It's important to submit your form before the deadline or the University will not be able to consider your extenuating circumstances. The deadline is usually a few days after the end of each assessment period. This includes the August/September resit period. Your school office will send you email reminders.

A small committee called the Extenuating Circumstances Committee within your school will then classify the impact of your extenuating circumstances. They will decide on the duration of the impact (Acute or Chronic) and the severity of the impact (Mild, Moderate, Serious or Severe). So you will end up with two classifications:










Acute = a short term illness.

Chronic = an ongoing circumstance which is not a disability. If you have a disability your Disability Support Summary should cover this.

Mild = a circumstance that didn’t have much effect on assessment, such as a cold. Exam boards would not normally make any changes in this situation.

Moderate = a circumstance that would have had more of an effect on assessment, for example a more sustained illness.

Serious = a circumstance that would have had a significant effect on assessment, such as a major illness or incident.

Severe = a circumstance that would have had a major effect on assessment such as the death of a close family member, or emerging serious mental health concerns. 

The University has published guidelines on how extenuating circumstances are to be classified.

The committee considers each situation on its own merits.
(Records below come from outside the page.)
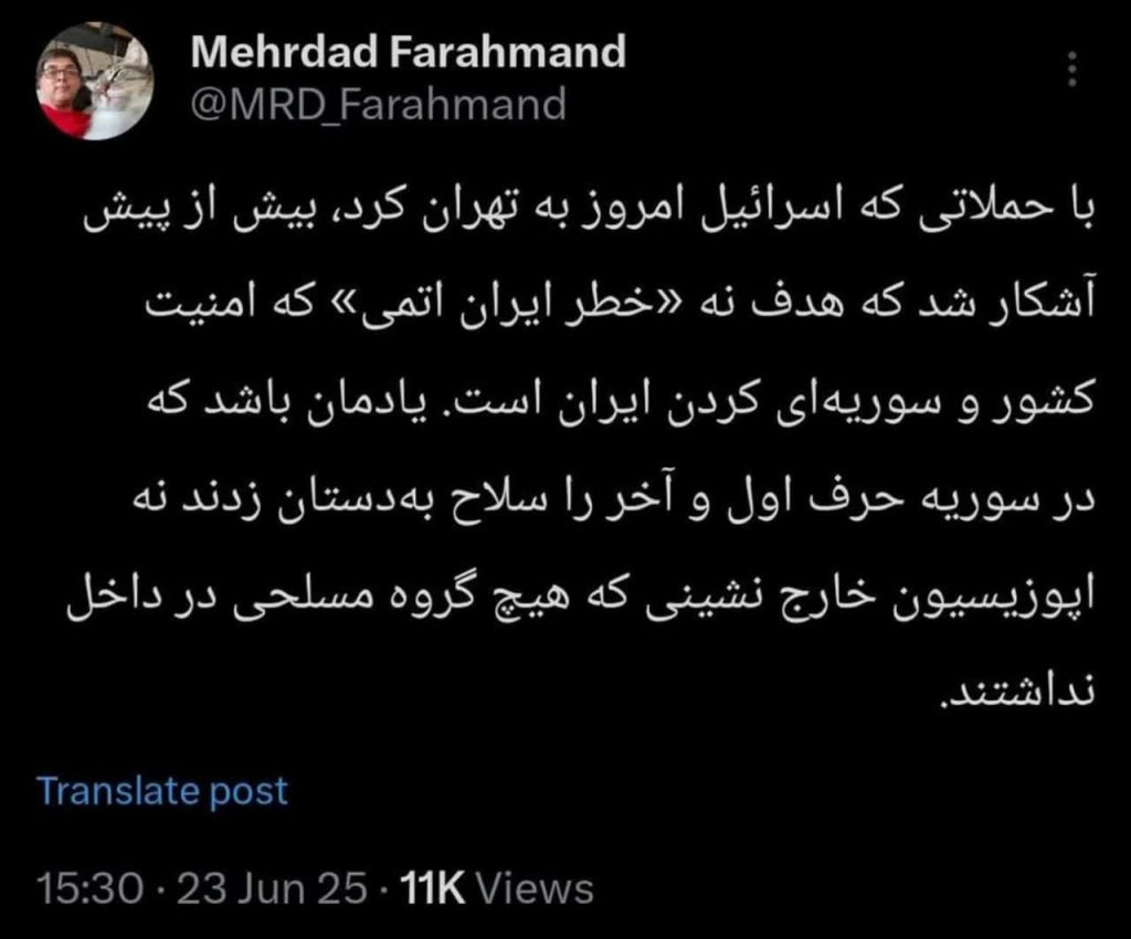 با حملاتی که اسرائیل امروز به تهران کرد، بیش از پیش آشکار شد که هدف نه «خطر ایران اتمی» که امنیت کشور و سوریهای کردن ایران است.
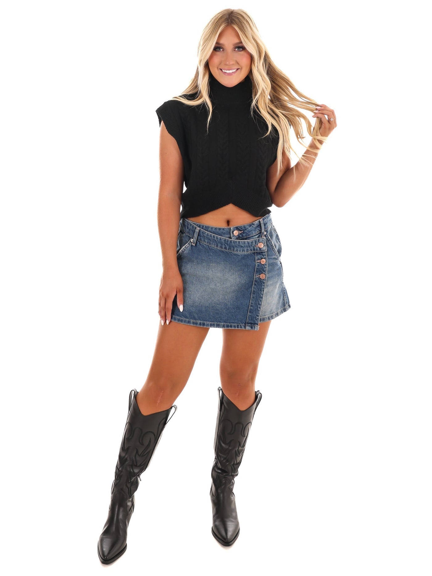Get the perfect textured look with our Textured Perfection Mock Neck Sweater! Featuring a ribbed mock neckline and cap sleeves, this sweater is slightly fitted and cropped for a flattering and trendy style. The uneven ribbed bottom adds a unique touch to this short sleeve top.
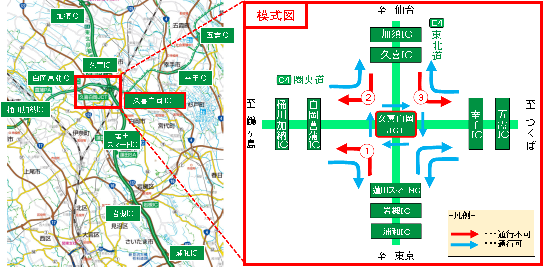 (1)閉鎖箇所:東北道・圏央道 久喜白岡JCTの3ランプ(※全3箇所一斉閉鎖)
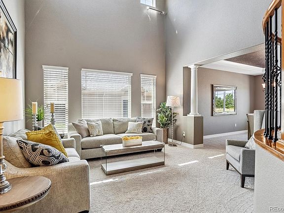 Welcome to this outstanding Blackstone home with HUGE Rocky Mountain views! A lovely, covered front porch greets you as you walk up to the front door - perfect for enjoying your morning coffee while watching the sun rise. A living room with cathedral ceiling and a formal dining room big enough to accommodate a large table and buffet are adjacent to the kitchen - imagine the holiday and birthday parties you could host in this home! The kitchen is just stunning with its abundant 42- inch cabinets topped with crown molding, ample granite countertops, all stainless appliances, 2-level island for additional prep space or informal dining, and a cozy breakfast nook that overlooks the backyard! Family room features high ceilings, a gas fireplace with charming mantle. Don't miss the main floor study - great as a home office or quiet homework area! The upper level is accessed by an elegant staircase with wood rails and wrought iron spindles! WOW- Master bedroom is enormous, boasting vaulted ceilings, a gas fireplace with custom mantle, a sitting area, and a luxurious 5- piece bath with His and Hers vanities, jetted soaking tub, oversized glass shower, and a big walk-in closet! Bedroom #2 has a private 3/4 bath (great for guests!), bedrooms 3 and 4 share a Jack and Jill bath with double vanities and a private bathtub area! You will love hanging out with friends and family in the finished walkout basement! The rec room features a full wet bar with dishwasher, wine fridge, and keg! Some extra special features include NEW finished concrete flooring, Pella blinds, surround sound, and powder bath! Step out to the stamped concrete patio with elegant water feature, firepit and enjoy gorgeous Colorado sunsets and mountain views! Don't miss the spiral staircase up to the covered patio! Conveniently located near E-470, grocery stores, and Southlands outdoor shopping mall and restaurants! Come visit this remarkable home!
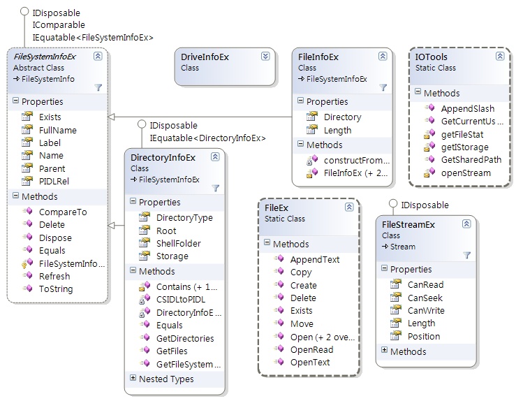 DirectoryInfoEx is a C# components (.Net 2.0) which uses IShellFolder to list special / virtual directories, it's interface is similar to System.IO.DirectoryInfo.
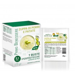Ideale per la tua dieta dimagrante, una zuppa proteica cremosa al gusto di porro e patate per la tua dieta iperproteica . Una ricetta perfetta ad alto contenuto proteico che fornisce 15 g di proteine per porzione.
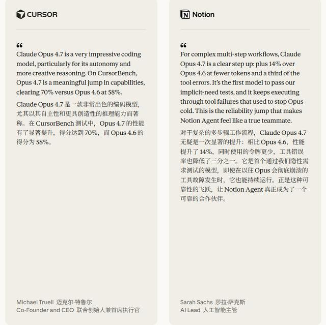 而且我说了不算,就连Notion的AI主管,在试用后也给了很高的评价:Opus 4.7相比 4.6,性能提升了,token还用的更少,错误率也降了,看来确实很不赖。
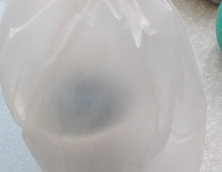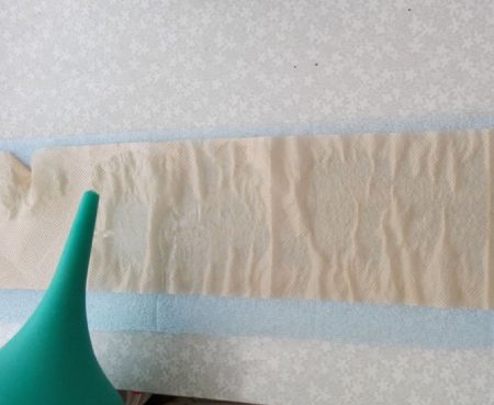 Uit de spuit moet de oplossing gelijkmatig op toiletpapier worden gegoten, zodat deze goed doorweekt is.
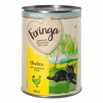 Feringa Single Meat Menus place great importance on top class ingredients: 75% meat or fish & offal, from just one source of protein and choice garden vegetables and herbs. These delicious grain-free recipes are species-appropriate and made without any artificial colours, aromas or preservatives. The carefully selected ingredients are combined to create a very tasty meal for your cat that only tastes of the ingredients named on the label.
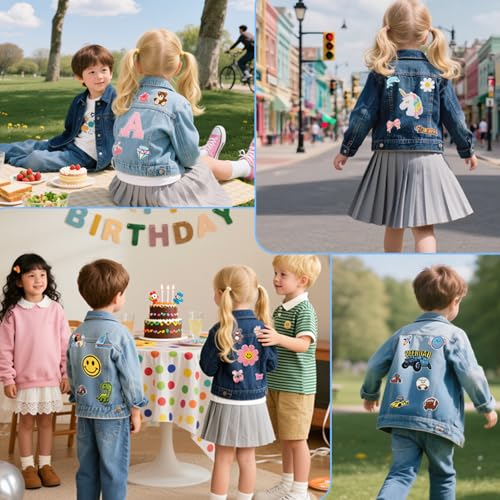 • Customized jean jacket for girls– Choose from over 60 adorable patterns to create a unique and surprising look for your child's custom jean jacket ! From butterflies, flowers, hearts, rainbows, and smiley faces to astronauts, crowns, flags, animals, and cars, each patch is unique and colorful, making it a favorite for your child. Choose up to eight patches and freely combine them to create your own unique look (maximum one large patch, and small patches and text can be mixed and matched)
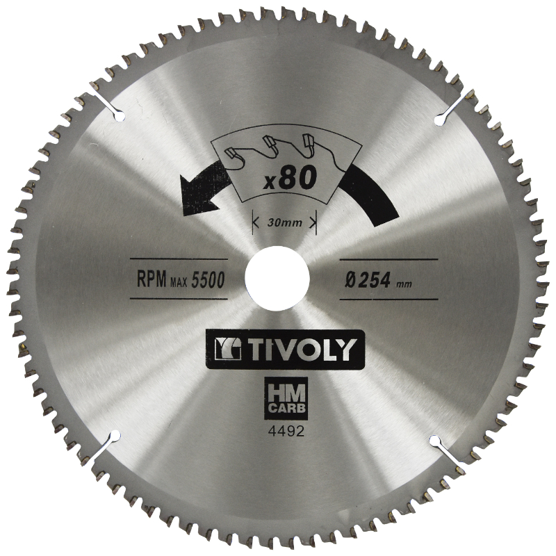 Lames de scie circulaire -Finition -Pour plastique, aluminium, Bois durs -Pour scie radiale et de table Ø: 254 x Ø2: 30 x Z: 80 TIVOLY - XT50514004492
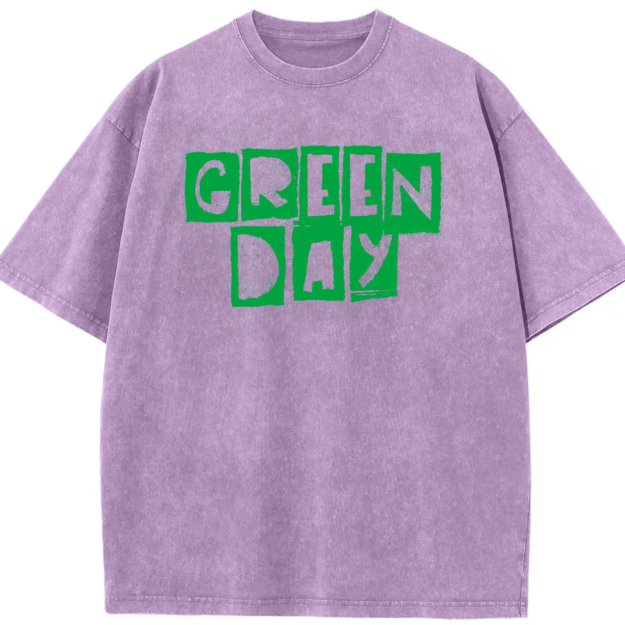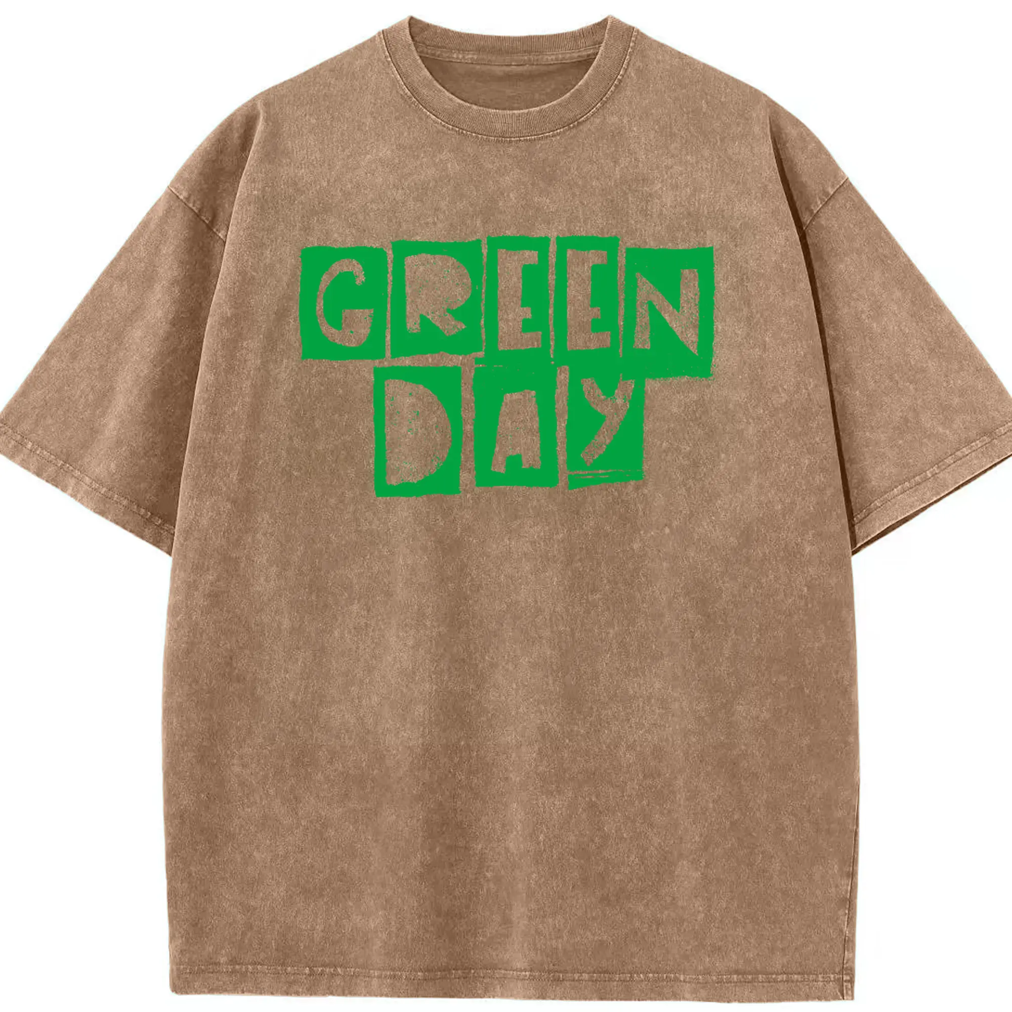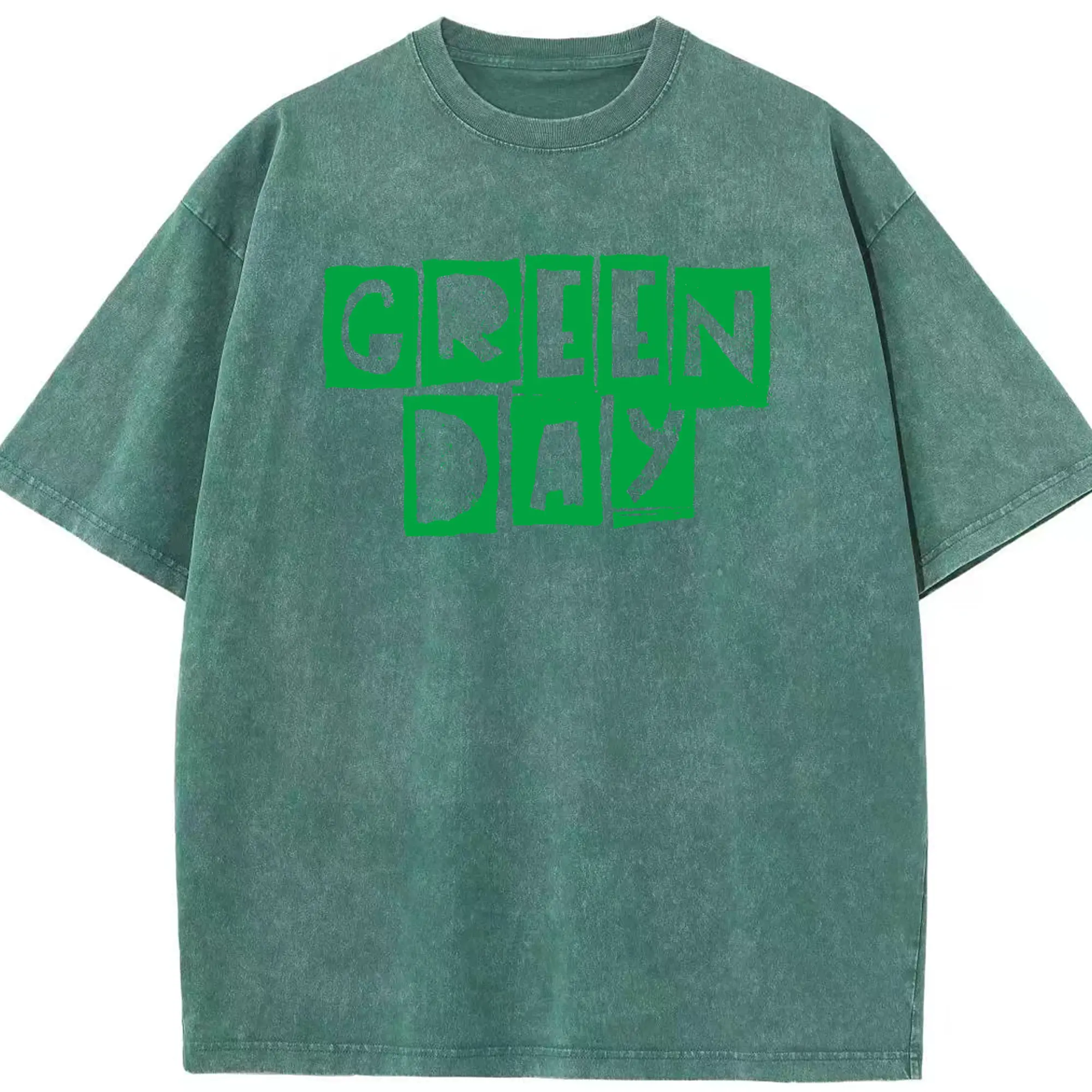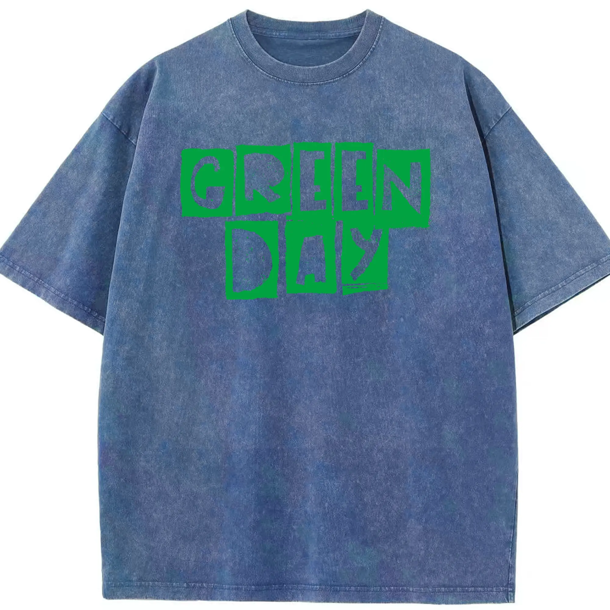 Vintage Green Day Logo DIY Shirt - Washed Vintage Look 230g Cotton Oversized T-Shirt With Front Heat Transfer Print – Soft, Lightweight, Stylish Fit – Comfortable Casual Wear For Sports & Everyday Use

You should provide evidence if at all possible, as this will give your ECs more weight. If you’re unable to provide evidence, you should explain why on the form.

The classification, along with details of the unit(s) affected is then passed to the exam board. They won’t see the full details on the form you submitted, just the committee’s classification. You can find out how your ECs were classified by asking at your school office.

The school and faculty exam boards then consider your unit marks and your EC classification and decide what action (if any) is appropriate. The regulations specify what type of action is available to the exam board. Exam boards never change marks and only rarely allow further attempts at passed units.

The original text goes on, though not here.